Revenue per year in million U.S. dollars.
Source: corporate press releases

Born on May 30, 1885, in Plano, Illinois, and orphaned at the age of 16, Arthur E. Andersen began working as a mail boy by day and attended school at night, eventually being hired as the assistant to the comptroller of Allis-Chalmers in Chicago. In 1908, after attending courses at night while working full-time, he graduated from the Kellogg School of Management at Northwestern University with a bachelor's degree in business. That same year, at age 23, he became the youngest Certified Public Accountant in Illinois.

In 1913, Andersen and Clarence DeLany founded an accounting firm as Andersen, DeLany & Co. The firm changed its name to Arthur Andersen & Co. in 1918, as DeLany resigned from the firm. Arthur Andersen's first client was the Joseph Schlitz Brewing Company of Milwaukee, a company where Andersen had worked as a controller. In 1915, due to his many contacts there, the Milwaukee office was opened as the firm's second office.

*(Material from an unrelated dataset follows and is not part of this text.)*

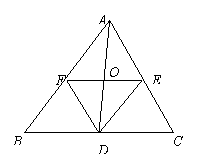 (本题6分)如图,在△ABC中,D、E、F分别是BC、AC、AB的中点,AD与EF交于O,求证:OE=OF,OA=OD.
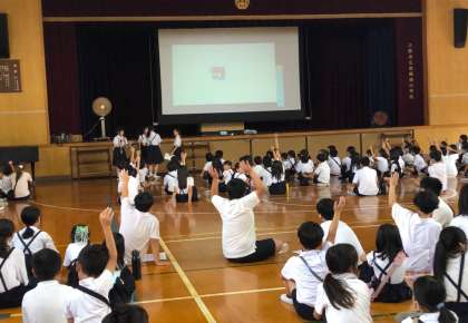 水曜日の児童集会は「キャラクタークイズ」でした。

Andersen believed education was the basis upon which the new profession of accounting should be developed. He created the profession's first centralized training program and believed in training during normal working hours. In 1927, he was elected to the board of trustees of Northwestern University and served as its president from 1930 to 1932. He was also chairman of the board of CPA examiners of Illinois.

=== Reputation ===
Andersen, who headed the firm until his death in 1947, was a zealous supporter of high standards in the accounting industry. A stickler for honesty, he argued that accountants' responsibility was to investors, not their clients' management. This gave rise to the uniform look of all the so-called "Arthur Androids", as employees referred to themselves, the intent being to provide the same service the same way to all customers in all locations. For many years, Andersen's motto was "Think straight, talk straight"—an axiom passed on from his mother. During the early years, it is reputed that Andersen was approached by an executive from a local rail utility to sign off on accounts containing flawed accounting, or else face the loss of a major client. Andersen refused in no uncertain terms, replying that there was "not enough money in the city of Chicago" to make him do it. The railroad fired Andersen, only to go bankrupt a few months later.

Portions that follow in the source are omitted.